1. Ik heb de leiding over het Verzoeningsproces dat ik in gang heb gezet. Wanneer jij een van mijn broeders een wonder schenkt, doe je dat aan jouzelf en aan mij. De reden waarom jij mij voorafgaat, is dat ik voor mijn eigen Verzoening geen wonderen nodig heb, maar voor het geval jij tijdelijk faalt, sta ik aan het eind. Mijn aandeel in de Verzoening is het ongedaan maken van alle vergissingen die jij anders niet zou kunnen corrigeren. Wanneer je opnieuw tot het besef van jouw oorspronkelijke staat bent gebracht, word je van nature zelf deel van de Verzoening. Waar je mijn onwilligheid deelt om vergissingen in jezelf en anderen te accepteren, sluit jij je onvermijdelijk aan bij de grote kruistocht ter correctie daarvan; luister naar mijn stem, leer vergissingen ongedaan te maken en onderneem actie om ze te corrigeren. Het vermogen om wonderen te verrichten behoort jou toe. Ik zal de gelegenheid daartoe verschaffen, maar jij moet gereed en bereid zijn. Door ze te verrichten zul je overtuigd raken van dit vermogen, want overtuiging komt met succes. Het vermogen is het potentieel, de verwezenlijking is zijn expressie, en de Verzoening, die de natuurlijke roeping van Gods kinderen is, is het doel.

 

'Ik heb de leiding over het Verzoeningsproces dat ik in gang heb gezet'. De Cursus verklaart vele malen dat Jezus de leiding heeft over het Verzoeningsproces in de wereld, en dat hij dit in gang heeft gezet met zijn opstanding (zie T1.II.4:6; T4.IV.10:4; T4.VI.6:5-6; VvT6.2:2). Daarom vertegenwoordigt de opstanding de Verzoening, niet de kruisiging.

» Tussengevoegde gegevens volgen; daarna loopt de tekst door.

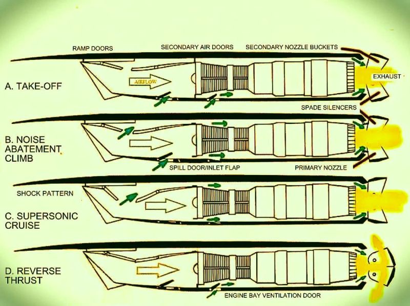 Este tipo de motor fue el propulsor de los 2 únicos aviones supersónicos comerciales del mundo. El franco-británico Concorde con su Olympus 593, fruto de la colaboración de los fabricantes de la misma nacionali-dad, Rolls-Royce y Snecma, derivado del Bristol Siddeley Olympus 22R y del soviético Tupolev Tu-144, propulsado por el Kuznetsov NK-144, am-bos con pos-quemadores. El motor anglo-británico desarrollaba una po-tencia de 160 kN en 1966. Las palas del compresor y su eje eran de tita-nio y una aleación de níquel conformaban las partes más calientes de la turbina, con una duración de 25.000 horas de vuelo para los componen-tes de la planta motriz, excepto para el compresor y sus palas que eran de 10.000. Las tomas de aire eran de geometría variable, según las dis-tintas fases de vuelo, tal y como vemos en la imagen superior e inferior.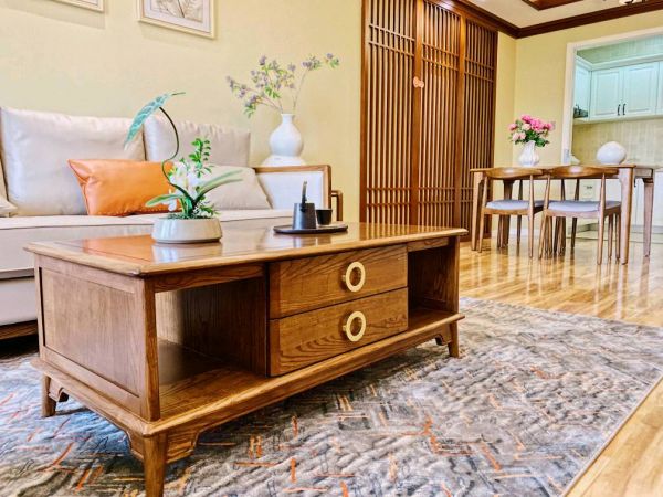 这款“闲庭落英”入眼全是“木”,标配全屋北美白橡木家具整装产品,进口实木家具臻品,具有优雅沉静的国风特点。这款整体家具以圆角设计为主,线条简练,朴实而又有内涵,不仅美观还大大提高了安全性和耐磨程度。而且,整屋北美白橡木家具不仅兼具了美观与实用性,茶几、屉柜、床箱还均可收纳储物。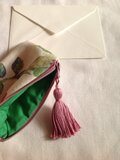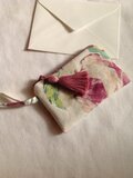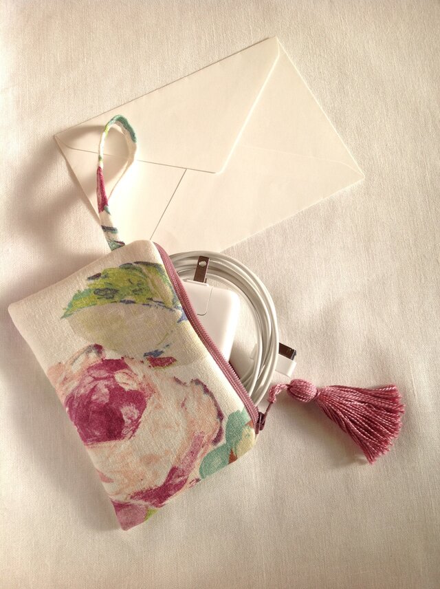 きれいな作品ありがとうございました。布の色に合わせたタッセルがかわいいです。▼フラットポーチは、今使っている8インチのタブレットにぴったりの大きさです。こんなかわいいポーチから、大きなタブレットがでてくる意外性?▼取っ手付きしっかりめポーチは、着物を着たときの小バッグにします。浴衣でも使えますね。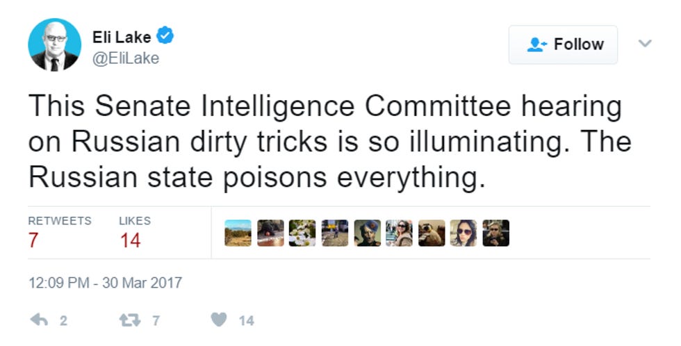 Oh hi there, are you watching the Senate Intelligence Committee hearing we told you about yesterday, on Russian interference in the 2016 election and whether the Trump campaign actively colluded with the Russians? We are! It already started ... so YOU'RE LATE! But you didn't miss much. Basically they did their opening statements, and Democratic committee vice chair Mark Warner has been subtweeting the everliving BALLS out of Devin Nunes, emphasizing that over here in the grown-up Senate, where the grown-ups live, they will be doing a serious, bipartisan investigation, which is very different from the House Intelligence Committee investigation, which is basically Nunes flicking poo everywhere and trying to protect his real dad Donald Trump.
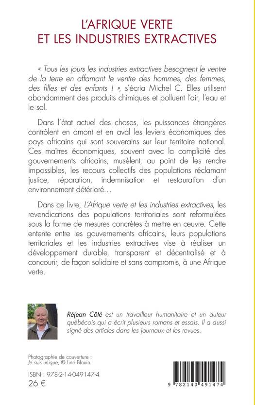 « Tous les jours les industries extractives besognent le ventre de la terre en affamant le ventre des hommes, des femmes, des filles et des enfants ! », s'écria Michel C. Elles utilisent abondamment des produits chimiques et polluent l'air, l'eau et le sol. Dans l'état actuel des choses, les puissances étrangères contrôlent en amont et en aval les leviers économiques des pays africains qui sont souverains sur leur territoire national. Ces maîtres économiques, souvent avec la complicité des gouvernements africains, musèlent, au point de les rendre impossibles, les recours collectifs des populations réclamant justice, réparation, indemnisation et restauration d'un environnement détérioré… Dans ce livre, les revendications des populations territoriales sont reformulées sous la forme de mesures concrètes à mettre en oeuvre. Cette entente entre les gouvernements africains, leurs populations territoriales et les industries extractives vise à réaliser un développement durable, transparent et décentralisé et à concourir, de façon solidaire et sans compromis, à une Afrique verte.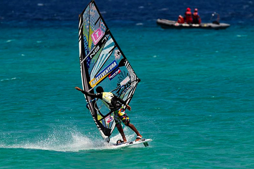 Winds blowing just below the suitable level for competition teased the sailors throughout the day. Occasionally large gusts blew over the competition area providing enough time for the sailors to hit the azure water, pump onto the plane, and pull their gravity-defying maneuvers.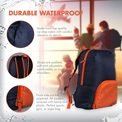 -. Feature : MULTIPURPOSE - this small, pocket-sized backpack is surP.R.Isingly roomy - 18 l. It can carry your laptop, gadgets, camera, and accessories easily. Expandable daypack can serve as a bookbag or provide a place for you to store your lunch bag and umbrella. Perfect for girls' and women's casual needs. Ideal for men's and boys' accessories. Use it as a day pack for college students or a backpack for lage when traveling - it's truly multifunctional. / Sleek MINIMALIST look - This cute Lahtak™ daypack is not only an ultralight and ultra-convenient little backpack - it's a fashion masterpiece. The ultra-awesome color combinations and smooth design makes it the best urban backpack for business, high school, or work. It is also cool for hiking, travel, camping, or outdoor picnics. / DURABLE WATERPROOF (unlike canvas) material - Lahtak™ mini backpack made from top quality rip-stop nylon with careful attention to details. Straps are padded, soft and adjustable, comfortable on your shoulders. Front side pocket zippered. All zippers covered with heavy-duty plastic. Perfect sports, gym, or yoga bag. / PACK-IT P.R.Inciple - Lahtak™ foldable backpack packs up into its own pocket that converts to a pouch. Compact and lightweight, it is available in a pinch, if you need to repack your baggage in the airport for instance. This collapsible mini backpack is the perfect solution for vacations and the best camping accessory. / HASSLE-FREE PURCHASE! Your convenience and satisfaction means the world to us and that's why we offer you a 90 DAY FULL MONEY BACK GUARANTEE for the highly unlikely scenario that there's anything wrong with your Lahtak™ foldable backpack! Just contact us and we will be more than happy to help you resolve any issues!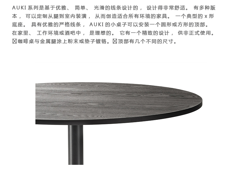 AUKI系列是基于优雅、简单、光滑的线条设计的,设计得非常舒适。有多种版本,可以定制从腿到室内装潢,从而创造适合所有环境的家具。一个典型的x形底座。具有优雅的严格线条,AUKI的小桌子可以安装一个圆形或方形的顶部。在家里、工作环境或酒吧中,是理想的。它有一个精致的设计,供非正式使用。咖啡桌与金属腿涂上粉末或垫子镀铬。顶部有几个不同的尺寸。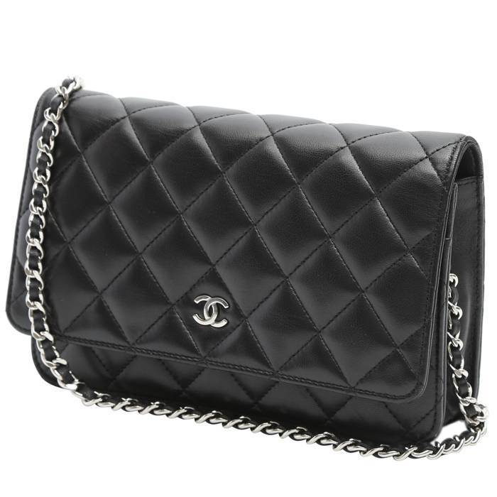 Bolso bandolera Chanel Wallet on Chain de cuero acolchado negro, adorno en metal plateado, una asa en cadena ajustable de metal plateado entrelazada de cuero negro para llevar en la mano o colgado al hombro o cruzado.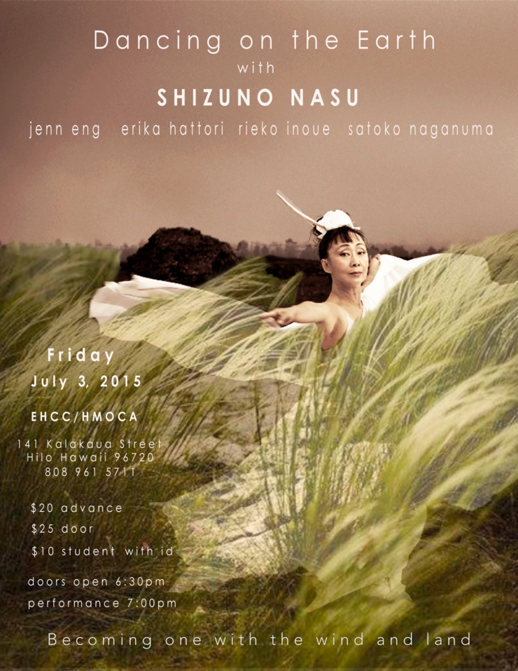 Shizuno Nasu embodies the Asian spirit and Hawaii's powerful nature. Integrating F'u Sui Ka, the movements of swaying in the wind, the flowing of water, and the flaming and flickering of our inner energy, as well as her original spiral movements, Shizuno Nasu and company become one with the elements. Thru creative and completely improvised dance and conscious breath, this company of artists blend the extremes of big nature and the gentleness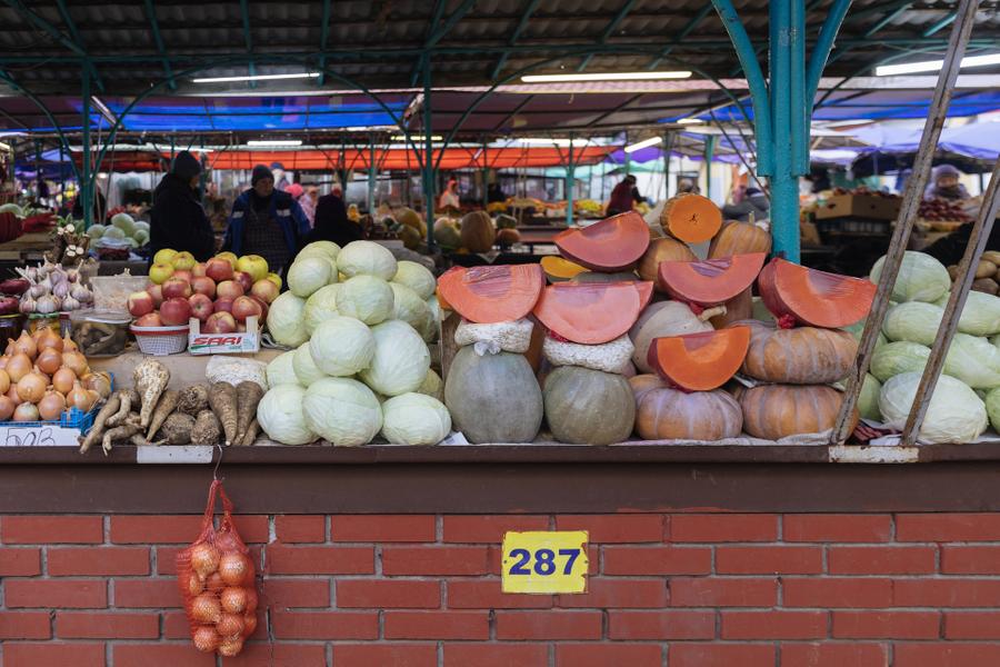 Площадь рынка в 29 тысяч квадратных метров вместила в себя все, что только возможно: овощи и фрукты, мясо, рыбу и мед. Здесь есть маленькие магазинчики, открытые торговые ряды, есть рыбная и грибная части. Тут же, по дороге на кладбище и на рынок, продаются ковры с изображением Владимира Владимировича Путина. А возле рядов с овощами и фруктами работает вещевой рынок.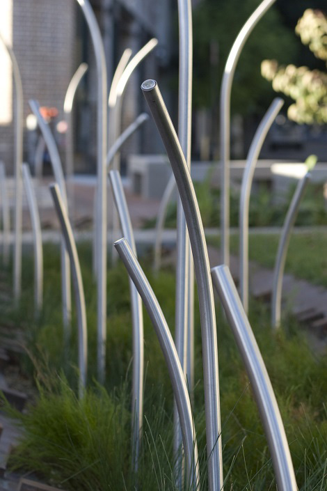 The light reeds concept design was refined in house for buildability and vandal resistance. To combat the potential to bend rigid reeds poles we designed a dual base plate and spring assembly so that the poles would move when pressure was applied.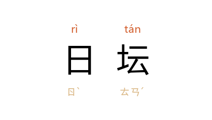 ⒈ 旧时祭日之处。在今 北京市 朝阳区 朝阳门 外东南。 明 嘉靖 九年建。 明 清 二代均于每年春分日遣官致祭, 清 制遇甲丙戊庚壬年由皇帝亲祭。参阅 明 王三聘 《古今事物考·礼义·日月坛》、《清会典事例·礼部·中祀》。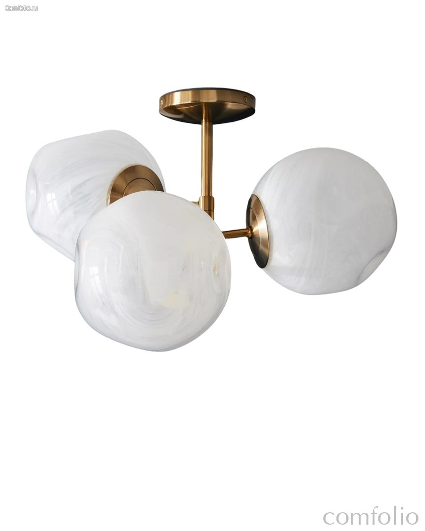 Золотистый светильник "Клауд" с плафонами с облачным узором - изящная модель с мягким, уютным характером и выразительным дизайнерским акцентом. Плафоны из стекла с деликатным облачным рисунком создают эффект лёгкой дымки и равномерно рассеивают свет, наполняя пространство тёплым и комфортным освещением. Золотистое металлическое основание придаёт светильнику благородство и подчёркивает его современную эстетику. Сочетание округлых форм и художественного стекла делает модель визуально лёгкой, но при этом заметной в интерьере. Светильник гармонично смотрится как в центральной зоне комнаты, так и в составе композиции над обеденным столом, в гостиной или спальне. Он добавляет интерьеру глубину, мягкость и ощущение уюта. Модель «Клауд» удачно вписывается в интерьеры в стилях современный, американский, mid-century modern, soft minimal и contemporary. Это универсальное решение для тех, кто ищет светильник с характером, сочетающий декоративность, тёплые материалы и комфортный свет.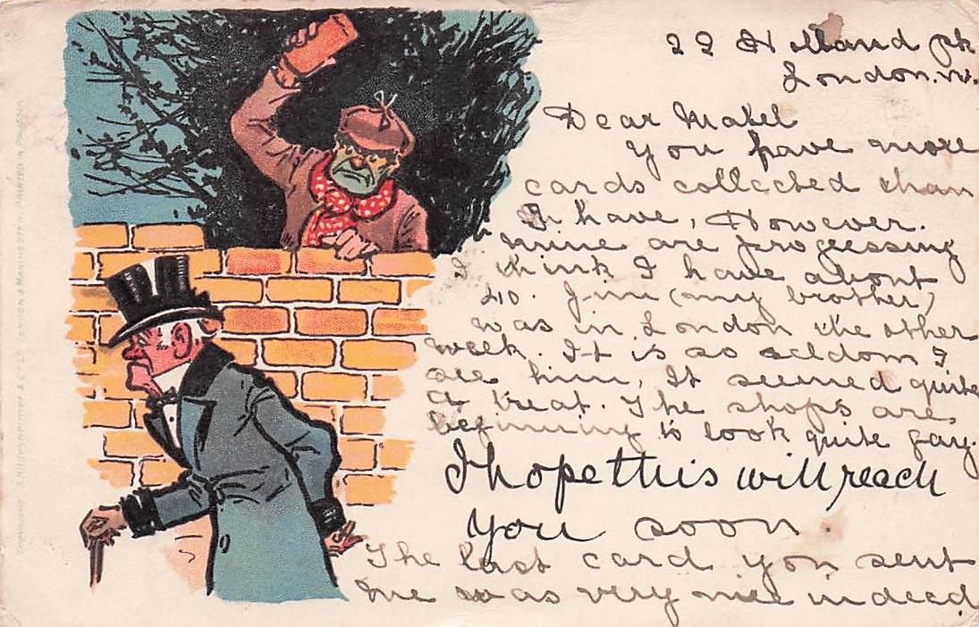 Ein anderer Mann, der sich hinter einer Ziegelmauer versteckt und scheinbar einen Gegenstand über den Kopf des ersten Mannes schwingt.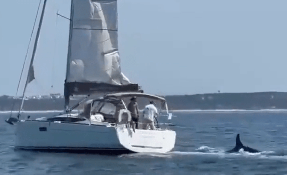 Las imágenes escalofriantes muestran en el momento en que las cuatro ballenas asesinas lanzaron un ataque contra el velero cerca de la playa de Fonte da Telha.

Dat Jezus ons helpt om ons tijdelijk falen ongedaan te maken, evenals de vergissingen die we zonder hem niet kunnen corrigeren, is een fascinerend idee. Denk aan je overtuiging dat sommige van je vergissingen zo ernstig zijn dat ze nooit kunnen worden goedgemaakt. En realiseer je dan dat Jezus je kan leren deze vergissingen te annuleren, waardoor je denkgeest weer helemaal zuiver is.

Ben jij bereid je aan te sluiten bij Jezus' grote kruistocht? Ben je bereid om naar hem te luisteren, te leren vergissingen ongedaan te maken, en actie te ondernemen om ze te corrigeren?

 

Toepassing : Denk aan enkele specifieke situaties in je leven waarin iemand de een of andere vorm van genezing of hulp nodig heeft. Herhaal dan in jezelf, terwijl je aan elk van deze situaties denkt: Het vermogen om wonderen te verrichten behoort mij toe. Ik zal wonderen zien die Jezus via mij verricht.

 

Jezus zegt dat hij ons de gelegenheid verschaft om wonderen te doen, maar dat we daar wel 'gereed en bereid' toe moeten zijn. Het zal je verbazen hoeveel gelegenheden hij je al heeft verschaft die je over het hoofd hebt gezien. Waarschijnlijk is dat de reden waarom we niet geloven dat we wonderen kunnen doen. Maar 'door ze te verrichten zul je overtuigd raken van dit vermogen'.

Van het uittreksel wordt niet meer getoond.